To confirm the diagnosis and rule out other potential conditions, a healthcare professional may order various tests, including:
- Blood tests: Blood samples are taken to check for elevated levels of white blood cells, which indicates an ongoing infection.
- Cultures: A sample of the affected area may be collected and sent for a culture to identify the specific bacteria responsible for the infection.
- Imaging tests: In severe cases or if the infection does not respond to treatment, imaging tests such as an ultrasound or MRI may be performed to assess deeper tissue involvement.
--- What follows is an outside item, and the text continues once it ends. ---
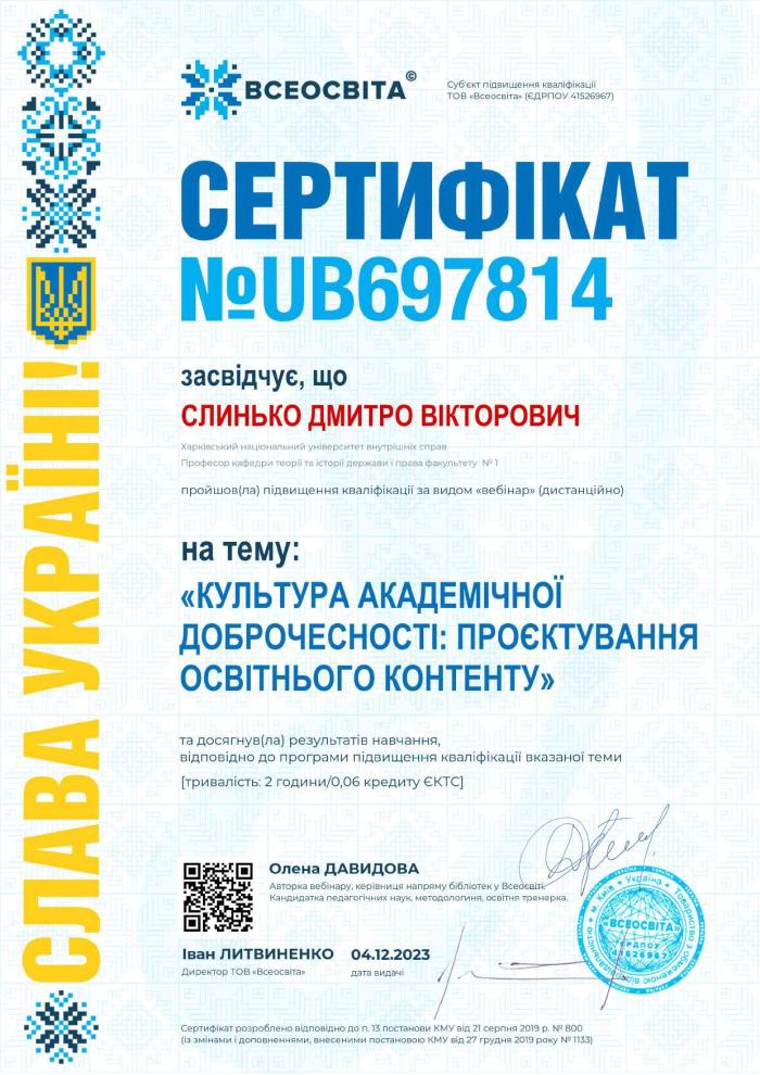 Професор кафедри теорії та історії держави і права факультету № 1 Харківського національного університету внутрішніх справ Дмитро Слинько взяв участь у вебінарі «Культура академічної доброчесності: проєктування освітнього контенту», що відбувся на Національній освітній платформі «Всеосвіта».

Once a diagnosis of cellulitis is confirmed, treatment typically involves the use of antibiotics to eliminate the bacteria causing the infection. It is important to follow the prescribed treatment plan and take the full course of antibiotics to prevent the infection from returning or spreading.
Seeking medical attention promptly when symptoms of cellulitis are observed can help ensure a timely diagnosis and appropriate treatment to minimize complications.
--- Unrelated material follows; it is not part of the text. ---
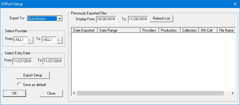 You can export accounting information from Dentrix to use in your accounting software, such as QuickBooks or Microsoft Excel.
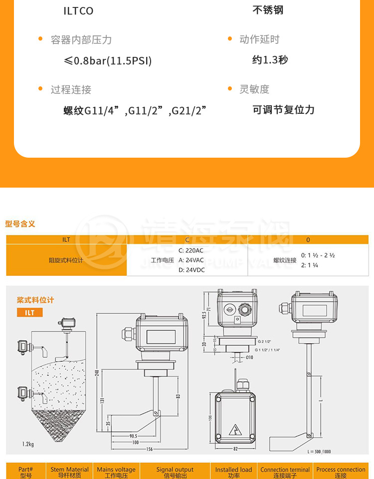 Датчик уровня материала Xinghai 220В/24В для резервуаров, ротационный, для цементных смесительных станций, ILTCO

Treatment Options for Cellulitis Infection
Cellulitis is a skin infection characterized by redness, swelling, and pain. It is typically caused by bacteria entering the skin through a crack or cut. If left untreated, cellulitis can lead to serious complications. Therefore, it is important to seek treatment as soon as symptoms appear.
The mainstay of treatment for cellulitis infection is antibiotics. These are prescribed to kill the bacteria causing the infection. The specific antibiotic and duration of treatment will depend on the severity of the infection and the individual’s medical history.
In most cases, oral antibiotics such as penicillin or cephalosporin are sufficient for treating cellulitis. However, if the infection is severe or not responding to oral antibiotics, intravenous antibiotics may be necessary. These are administered directly into a vein and provide a more potent effect.
In addition to antibiotics, other treatment options may be recommended to alleviate symptoms and promote healing. These may include:
|Over-the-counter pain relievers such as acetaminophen or ibuprofen can help reduce pain and inflammation associated with cellulitis.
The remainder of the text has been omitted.